Support Questions

Find answers, ask questions, and share your expertise

How to ingest files based on the YYYYMMDD in their filename

avatar
New Contributor

What I want to do:

I'm finding a way to get the content of a file based on its filename.

All of the target files are in the same directory, but I'd like to select only the files which has "_{Today's YYYYMMDD}.tsv" as their postfix.

For example, if today is 20171113,

/same/dir/testfile_20171113.tsv -> OK. I'd like to ingest this file.

/same/dir/testfile2_20171113.tsv -> OK. This one is also a target.

/same/dir/testfile_20171114.tsv -> NG because this YYYYMMDD is not today.

/same/dir/testfile_2017111.tsv -> NG because the timestamp is not in the format of YYYYMMDD.

/same/dir/testfile_20171113.tsv.processed -> NG because the filename does not end with ".tsv".

/another/dir/testfile_20171113.tsv -> NG because this file is on another directory

What I have investigated:

I have gone through these docs and tried ListFile Processor and GetFile Processor,

https://community.hortonworks.com/questions/38120/how-to-get-files-based-on-the-time-stamp-in-nifi.h...

https://community.hortonworks.com/questions/39553/how-to-get-files-based-on-dates-in-nifi.html

I tried to input "[^\.].*_${now():format('yyyyMMdd')}\.tsv$" as "File Filter", but got an error which said "Not a valid Java Regular Expression".

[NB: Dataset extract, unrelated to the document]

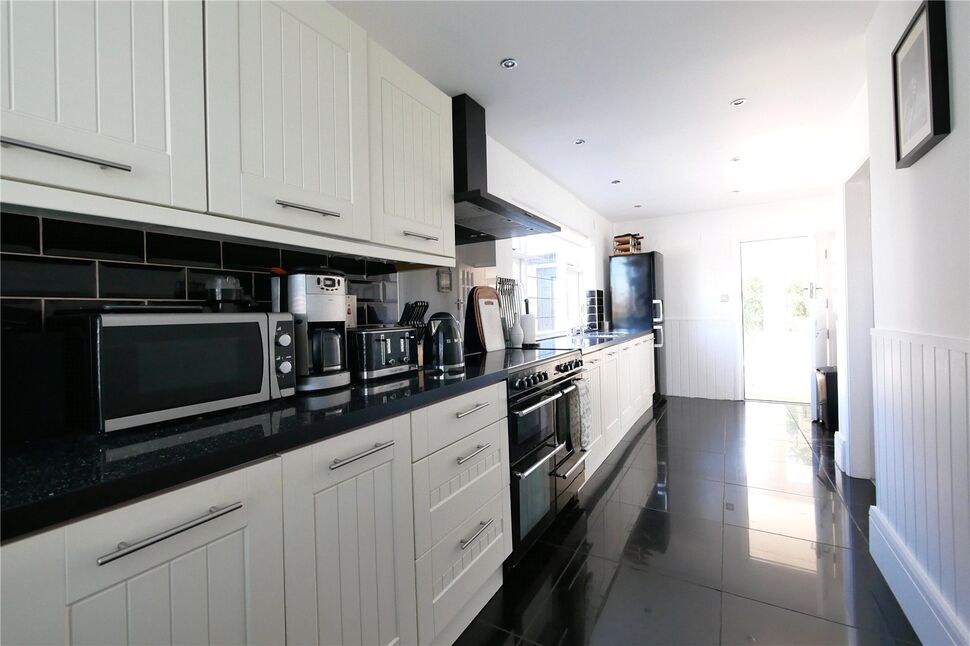 The kitchen is fitted with white wooden wall and base units, beautifully contrasted by black worktops and black tiled splashbacks. A circular single-bowl sink and drainer with stainless steel hot and cold taps are installed. There's a freestanding fridge freezer and 'Leisure' range cooker with an extractor hood above. Double-glazed windows on the side and front elevations. It also includes a radiator and recessed lighting.

As far as I checked, "File Filter" on both of ListFile and GetFile use StandardValidators.REGULAR_EXPRESSION_VALIDATOR as their validators, and unfortunately this validator does not interpret Nifi Expression Language.

https://github.com/apache/nifi/blob/master/nifi-commons/nifi-utils/src/main/java/org/apache/nifi/pro...

https://github.com/apache/nifi/blob/master/nifi-commons/nifi-utils/src/main/java/org/apache/nifi/pro...

Question

* Is there any way to inject an expression language into StandardValidators.REGULAR_EXPRESSION_VALIDATOR?

* If not, is there any other way to solve this problem?

Thanks.

1 ACCEPTED SOLUTION

avatar
Master Guru

You could put a RouteOnAttribute after ListFile which would let your compare the filename to an expression language statement, and then route the ones that match to FetchFile and the unmatched ones to a dead-end processor, or auto-terminate.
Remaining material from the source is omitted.